*Supplied records*:
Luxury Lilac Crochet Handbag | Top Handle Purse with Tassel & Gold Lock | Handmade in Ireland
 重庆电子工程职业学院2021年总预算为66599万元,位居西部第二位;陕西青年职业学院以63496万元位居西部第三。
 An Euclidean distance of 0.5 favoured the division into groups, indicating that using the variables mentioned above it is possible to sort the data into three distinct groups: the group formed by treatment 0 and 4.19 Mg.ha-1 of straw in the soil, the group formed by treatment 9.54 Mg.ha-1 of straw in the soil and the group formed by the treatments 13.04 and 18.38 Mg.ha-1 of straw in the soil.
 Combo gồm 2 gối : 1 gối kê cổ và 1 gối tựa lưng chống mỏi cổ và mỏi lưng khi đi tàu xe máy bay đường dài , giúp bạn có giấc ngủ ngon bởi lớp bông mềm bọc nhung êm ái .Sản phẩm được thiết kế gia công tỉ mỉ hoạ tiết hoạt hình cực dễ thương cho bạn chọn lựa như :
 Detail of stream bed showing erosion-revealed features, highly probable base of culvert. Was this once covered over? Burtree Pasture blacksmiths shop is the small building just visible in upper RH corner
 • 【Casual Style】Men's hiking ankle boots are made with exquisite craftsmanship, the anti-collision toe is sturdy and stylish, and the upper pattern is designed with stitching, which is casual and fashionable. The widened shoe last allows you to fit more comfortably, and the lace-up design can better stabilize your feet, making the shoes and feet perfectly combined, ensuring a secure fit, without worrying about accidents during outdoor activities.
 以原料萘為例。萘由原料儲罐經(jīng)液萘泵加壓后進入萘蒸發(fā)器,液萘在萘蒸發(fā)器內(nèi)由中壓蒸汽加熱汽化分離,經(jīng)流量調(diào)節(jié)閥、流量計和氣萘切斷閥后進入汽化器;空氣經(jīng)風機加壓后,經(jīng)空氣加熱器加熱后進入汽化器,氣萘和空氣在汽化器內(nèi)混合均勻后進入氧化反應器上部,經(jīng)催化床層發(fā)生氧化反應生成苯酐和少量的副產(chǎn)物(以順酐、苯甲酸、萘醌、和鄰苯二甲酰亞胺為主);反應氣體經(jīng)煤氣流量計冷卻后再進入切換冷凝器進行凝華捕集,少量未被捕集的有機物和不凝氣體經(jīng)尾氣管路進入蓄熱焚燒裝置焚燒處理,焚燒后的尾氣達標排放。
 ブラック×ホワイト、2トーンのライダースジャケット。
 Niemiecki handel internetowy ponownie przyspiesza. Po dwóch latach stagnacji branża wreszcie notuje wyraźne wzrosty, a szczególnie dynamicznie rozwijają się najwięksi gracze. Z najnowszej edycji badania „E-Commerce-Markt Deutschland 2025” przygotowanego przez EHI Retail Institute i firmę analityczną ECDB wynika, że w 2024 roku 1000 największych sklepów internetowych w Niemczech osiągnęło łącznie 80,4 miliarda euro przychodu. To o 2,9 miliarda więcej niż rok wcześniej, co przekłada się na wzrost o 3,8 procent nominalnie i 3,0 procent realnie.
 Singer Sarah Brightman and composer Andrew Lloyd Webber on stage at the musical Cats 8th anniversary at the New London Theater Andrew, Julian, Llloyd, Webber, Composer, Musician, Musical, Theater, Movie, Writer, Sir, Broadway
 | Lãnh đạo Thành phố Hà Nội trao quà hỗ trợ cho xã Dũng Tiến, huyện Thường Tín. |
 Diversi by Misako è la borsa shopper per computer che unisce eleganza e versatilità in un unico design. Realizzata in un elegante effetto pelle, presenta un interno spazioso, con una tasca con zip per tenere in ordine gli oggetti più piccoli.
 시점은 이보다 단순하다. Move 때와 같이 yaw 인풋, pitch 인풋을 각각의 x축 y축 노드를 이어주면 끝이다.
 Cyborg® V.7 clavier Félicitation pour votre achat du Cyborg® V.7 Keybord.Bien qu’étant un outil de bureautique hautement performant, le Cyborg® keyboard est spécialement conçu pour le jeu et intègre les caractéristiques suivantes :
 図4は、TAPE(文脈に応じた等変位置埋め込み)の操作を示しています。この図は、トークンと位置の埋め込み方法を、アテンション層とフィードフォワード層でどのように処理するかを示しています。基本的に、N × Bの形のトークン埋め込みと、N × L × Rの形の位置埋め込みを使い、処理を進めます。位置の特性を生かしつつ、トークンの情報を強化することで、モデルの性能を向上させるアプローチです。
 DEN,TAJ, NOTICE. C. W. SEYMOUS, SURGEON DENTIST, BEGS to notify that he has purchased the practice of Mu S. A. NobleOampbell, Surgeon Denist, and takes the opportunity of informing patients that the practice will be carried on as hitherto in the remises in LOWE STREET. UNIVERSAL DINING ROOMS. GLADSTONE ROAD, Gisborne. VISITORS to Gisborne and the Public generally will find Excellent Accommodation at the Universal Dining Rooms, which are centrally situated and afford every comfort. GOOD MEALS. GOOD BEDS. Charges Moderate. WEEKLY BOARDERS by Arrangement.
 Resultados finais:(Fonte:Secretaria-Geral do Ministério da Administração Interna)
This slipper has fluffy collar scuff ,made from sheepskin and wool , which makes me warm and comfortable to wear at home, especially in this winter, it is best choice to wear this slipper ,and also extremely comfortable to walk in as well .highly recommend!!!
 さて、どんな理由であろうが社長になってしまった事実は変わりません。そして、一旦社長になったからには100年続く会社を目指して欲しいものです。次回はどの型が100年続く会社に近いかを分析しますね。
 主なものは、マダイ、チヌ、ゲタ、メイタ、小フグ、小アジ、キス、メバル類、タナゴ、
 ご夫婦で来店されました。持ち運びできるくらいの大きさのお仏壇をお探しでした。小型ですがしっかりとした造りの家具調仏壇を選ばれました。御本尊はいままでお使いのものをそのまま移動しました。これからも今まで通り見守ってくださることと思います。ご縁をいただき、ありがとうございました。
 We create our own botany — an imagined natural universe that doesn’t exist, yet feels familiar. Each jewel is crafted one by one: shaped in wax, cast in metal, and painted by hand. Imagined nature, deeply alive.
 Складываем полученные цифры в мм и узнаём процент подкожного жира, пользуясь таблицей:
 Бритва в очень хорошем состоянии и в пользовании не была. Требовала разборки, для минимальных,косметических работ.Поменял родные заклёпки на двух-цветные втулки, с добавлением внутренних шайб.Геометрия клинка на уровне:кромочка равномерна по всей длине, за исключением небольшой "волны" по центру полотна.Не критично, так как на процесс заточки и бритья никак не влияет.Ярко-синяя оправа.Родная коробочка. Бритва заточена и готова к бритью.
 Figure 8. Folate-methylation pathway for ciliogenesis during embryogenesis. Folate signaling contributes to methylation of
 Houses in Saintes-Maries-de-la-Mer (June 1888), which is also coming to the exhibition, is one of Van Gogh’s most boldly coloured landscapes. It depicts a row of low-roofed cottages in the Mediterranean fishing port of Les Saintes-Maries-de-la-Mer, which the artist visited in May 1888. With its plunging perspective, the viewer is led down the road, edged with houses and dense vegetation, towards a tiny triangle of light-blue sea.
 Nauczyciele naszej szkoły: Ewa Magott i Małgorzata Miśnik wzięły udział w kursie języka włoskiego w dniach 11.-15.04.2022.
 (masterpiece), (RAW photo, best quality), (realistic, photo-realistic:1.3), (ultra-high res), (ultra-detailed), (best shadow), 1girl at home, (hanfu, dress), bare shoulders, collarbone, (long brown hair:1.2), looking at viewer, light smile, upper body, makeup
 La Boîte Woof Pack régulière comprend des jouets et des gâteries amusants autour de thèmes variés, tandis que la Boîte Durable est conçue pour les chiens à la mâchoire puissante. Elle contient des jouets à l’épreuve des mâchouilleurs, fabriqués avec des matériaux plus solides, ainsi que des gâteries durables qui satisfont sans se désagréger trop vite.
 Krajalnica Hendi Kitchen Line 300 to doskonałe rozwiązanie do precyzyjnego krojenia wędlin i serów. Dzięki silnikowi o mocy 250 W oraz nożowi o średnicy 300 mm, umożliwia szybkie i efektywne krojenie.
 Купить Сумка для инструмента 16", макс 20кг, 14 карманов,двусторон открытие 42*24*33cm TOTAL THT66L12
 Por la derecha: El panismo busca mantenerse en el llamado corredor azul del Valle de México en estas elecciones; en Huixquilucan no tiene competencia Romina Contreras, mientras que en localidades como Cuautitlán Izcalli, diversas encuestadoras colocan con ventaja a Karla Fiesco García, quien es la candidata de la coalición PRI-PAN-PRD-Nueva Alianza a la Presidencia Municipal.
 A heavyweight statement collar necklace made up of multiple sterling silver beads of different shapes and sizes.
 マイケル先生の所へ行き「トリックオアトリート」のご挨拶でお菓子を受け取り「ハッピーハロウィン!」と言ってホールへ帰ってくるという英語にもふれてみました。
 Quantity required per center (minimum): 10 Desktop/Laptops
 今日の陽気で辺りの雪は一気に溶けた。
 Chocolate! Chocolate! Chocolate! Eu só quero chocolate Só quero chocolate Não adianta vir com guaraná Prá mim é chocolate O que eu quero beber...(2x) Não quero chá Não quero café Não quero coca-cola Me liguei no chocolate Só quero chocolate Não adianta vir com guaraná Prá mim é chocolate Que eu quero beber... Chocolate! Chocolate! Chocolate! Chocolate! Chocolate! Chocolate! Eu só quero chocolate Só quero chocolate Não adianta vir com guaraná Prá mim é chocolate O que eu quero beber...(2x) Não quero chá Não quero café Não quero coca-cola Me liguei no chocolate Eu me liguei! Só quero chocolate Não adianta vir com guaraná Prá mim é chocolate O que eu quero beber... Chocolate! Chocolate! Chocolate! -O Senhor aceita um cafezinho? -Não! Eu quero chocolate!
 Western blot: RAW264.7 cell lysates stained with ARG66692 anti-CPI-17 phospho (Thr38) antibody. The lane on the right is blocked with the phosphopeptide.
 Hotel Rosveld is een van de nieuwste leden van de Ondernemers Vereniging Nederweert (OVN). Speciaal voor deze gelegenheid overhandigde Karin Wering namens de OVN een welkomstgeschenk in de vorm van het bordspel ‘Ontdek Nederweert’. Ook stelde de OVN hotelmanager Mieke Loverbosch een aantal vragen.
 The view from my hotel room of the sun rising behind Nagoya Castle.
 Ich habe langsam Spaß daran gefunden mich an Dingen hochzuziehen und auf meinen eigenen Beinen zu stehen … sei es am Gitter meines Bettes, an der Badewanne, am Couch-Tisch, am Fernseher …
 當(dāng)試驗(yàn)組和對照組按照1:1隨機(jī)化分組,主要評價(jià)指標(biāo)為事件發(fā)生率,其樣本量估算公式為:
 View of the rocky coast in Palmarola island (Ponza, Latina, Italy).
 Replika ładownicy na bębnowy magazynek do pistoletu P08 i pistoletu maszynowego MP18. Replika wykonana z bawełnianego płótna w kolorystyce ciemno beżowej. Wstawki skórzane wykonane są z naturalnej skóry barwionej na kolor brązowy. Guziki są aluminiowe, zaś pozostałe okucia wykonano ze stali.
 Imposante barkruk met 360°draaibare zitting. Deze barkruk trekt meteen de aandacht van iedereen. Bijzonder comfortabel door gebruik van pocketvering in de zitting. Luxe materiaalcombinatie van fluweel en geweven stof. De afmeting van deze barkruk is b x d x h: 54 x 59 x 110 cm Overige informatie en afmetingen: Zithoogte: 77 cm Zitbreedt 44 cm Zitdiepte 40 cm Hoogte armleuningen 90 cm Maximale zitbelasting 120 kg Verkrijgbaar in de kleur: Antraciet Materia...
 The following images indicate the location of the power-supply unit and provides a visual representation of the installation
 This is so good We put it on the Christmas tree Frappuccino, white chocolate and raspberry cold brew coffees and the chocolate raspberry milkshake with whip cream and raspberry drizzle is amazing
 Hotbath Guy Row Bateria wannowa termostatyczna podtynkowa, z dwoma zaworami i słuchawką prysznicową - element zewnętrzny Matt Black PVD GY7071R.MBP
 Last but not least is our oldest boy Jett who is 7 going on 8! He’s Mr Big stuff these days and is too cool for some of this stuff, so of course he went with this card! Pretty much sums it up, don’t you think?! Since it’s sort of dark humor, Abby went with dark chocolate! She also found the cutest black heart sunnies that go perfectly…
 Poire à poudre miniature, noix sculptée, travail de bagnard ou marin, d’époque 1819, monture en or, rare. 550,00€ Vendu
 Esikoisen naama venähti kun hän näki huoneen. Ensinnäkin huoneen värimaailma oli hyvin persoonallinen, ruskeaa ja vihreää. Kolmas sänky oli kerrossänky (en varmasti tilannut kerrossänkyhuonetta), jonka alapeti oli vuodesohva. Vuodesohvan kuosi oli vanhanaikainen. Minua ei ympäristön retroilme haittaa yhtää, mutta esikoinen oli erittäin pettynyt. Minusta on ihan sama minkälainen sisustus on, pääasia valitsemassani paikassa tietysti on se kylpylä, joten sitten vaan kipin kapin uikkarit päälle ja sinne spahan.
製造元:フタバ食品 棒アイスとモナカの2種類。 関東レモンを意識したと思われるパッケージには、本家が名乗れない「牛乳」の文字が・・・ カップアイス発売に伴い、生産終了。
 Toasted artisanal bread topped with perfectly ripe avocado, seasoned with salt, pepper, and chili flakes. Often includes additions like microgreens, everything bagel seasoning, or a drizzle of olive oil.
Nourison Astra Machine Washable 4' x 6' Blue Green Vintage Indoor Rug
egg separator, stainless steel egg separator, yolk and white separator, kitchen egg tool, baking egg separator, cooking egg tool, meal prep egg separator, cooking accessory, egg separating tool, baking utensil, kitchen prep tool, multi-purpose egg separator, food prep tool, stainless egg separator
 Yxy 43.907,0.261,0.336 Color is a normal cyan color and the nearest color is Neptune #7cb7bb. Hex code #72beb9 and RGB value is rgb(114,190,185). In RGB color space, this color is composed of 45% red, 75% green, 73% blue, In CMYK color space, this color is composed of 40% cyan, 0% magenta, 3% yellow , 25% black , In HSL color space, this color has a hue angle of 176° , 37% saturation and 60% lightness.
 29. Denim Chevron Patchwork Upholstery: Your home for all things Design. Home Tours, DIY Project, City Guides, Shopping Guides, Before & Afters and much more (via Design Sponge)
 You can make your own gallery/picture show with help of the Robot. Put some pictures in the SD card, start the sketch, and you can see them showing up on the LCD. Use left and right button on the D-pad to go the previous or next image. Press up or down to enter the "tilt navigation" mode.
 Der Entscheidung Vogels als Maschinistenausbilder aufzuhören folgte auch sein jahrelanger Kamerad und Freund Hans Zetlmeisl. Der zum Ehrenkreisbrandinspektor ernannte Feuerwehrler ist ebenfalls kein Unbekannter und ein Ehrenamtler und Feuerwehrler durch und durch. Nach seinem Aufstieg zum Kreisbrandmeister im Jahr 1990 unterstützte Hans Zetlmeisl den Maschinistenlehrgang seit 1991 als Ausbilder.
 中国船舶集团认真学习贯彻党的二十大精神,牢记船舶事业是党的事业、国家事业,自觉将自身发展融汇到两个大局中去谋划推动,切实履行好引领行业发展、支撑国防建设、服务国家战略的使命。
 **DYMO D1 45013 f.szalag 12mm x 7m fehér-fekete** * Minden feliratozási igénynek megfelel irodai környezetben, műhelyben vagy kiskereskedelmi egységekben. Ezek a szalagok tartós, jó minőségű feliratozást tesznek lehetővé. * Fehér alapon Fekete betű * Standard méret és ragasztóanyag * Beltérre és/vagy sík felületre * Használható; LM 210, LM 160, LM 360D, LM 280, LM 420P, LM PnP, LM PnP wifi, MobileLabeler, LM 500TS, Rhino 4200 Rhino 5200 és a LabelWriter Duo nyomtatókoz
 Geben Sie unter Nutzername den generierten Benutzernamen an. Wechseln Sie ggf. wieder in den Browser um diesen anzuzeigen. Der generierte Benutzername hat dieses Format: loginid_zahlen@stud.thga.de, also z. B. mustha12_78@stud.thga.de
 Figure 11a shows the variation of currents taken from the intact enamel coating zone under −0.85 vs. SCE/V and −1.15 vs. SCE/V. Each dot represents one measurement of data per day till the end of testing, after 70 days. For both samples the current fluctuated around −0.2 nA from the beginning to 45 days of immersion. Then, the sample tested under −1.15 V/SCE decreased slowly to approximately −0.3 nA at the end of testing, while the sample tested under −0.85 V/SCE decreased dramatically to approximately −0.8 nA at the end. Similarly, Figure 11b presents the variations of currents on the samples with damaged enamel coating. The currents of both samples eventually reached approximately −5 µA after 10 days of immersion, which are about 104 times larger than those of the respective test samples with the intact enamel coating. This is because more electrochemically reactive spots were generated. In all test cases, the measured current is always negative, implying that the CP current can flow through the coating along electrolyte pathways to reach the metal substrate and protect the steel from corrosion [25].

*Exercise description*: Retype exactly the lines of the data above that fall between the line with "さて、どんな理由であろうが社" and the line with "ご夫婦で来店されました。持ち", inclusive, and add nothing.

*Solution*:
 さて、どんな理由であろうが社長になってしまった事実は変わりません。そして、一旦社長になったからには100年続く会社を目指して欲しいものです。次回はどの型が100年続く会社に近いかを分析しますね。
 主なものは、マダイ、チヌ、ゲタ、メイタ、小フグ、小アジ、キス、メバル類、タナゴ、
 ご夫婦で来店されました。持ち運びできるくらいの大きさのお仏壇をお探しでした。小型ですがしっかりとした造りの家具調仏壇を選ばれました。御本尊はいままでお使いのものをそのまま移動しました。これからも今まで通り見守ってくださることと思います。ご縁をいただき、ありがとうございました。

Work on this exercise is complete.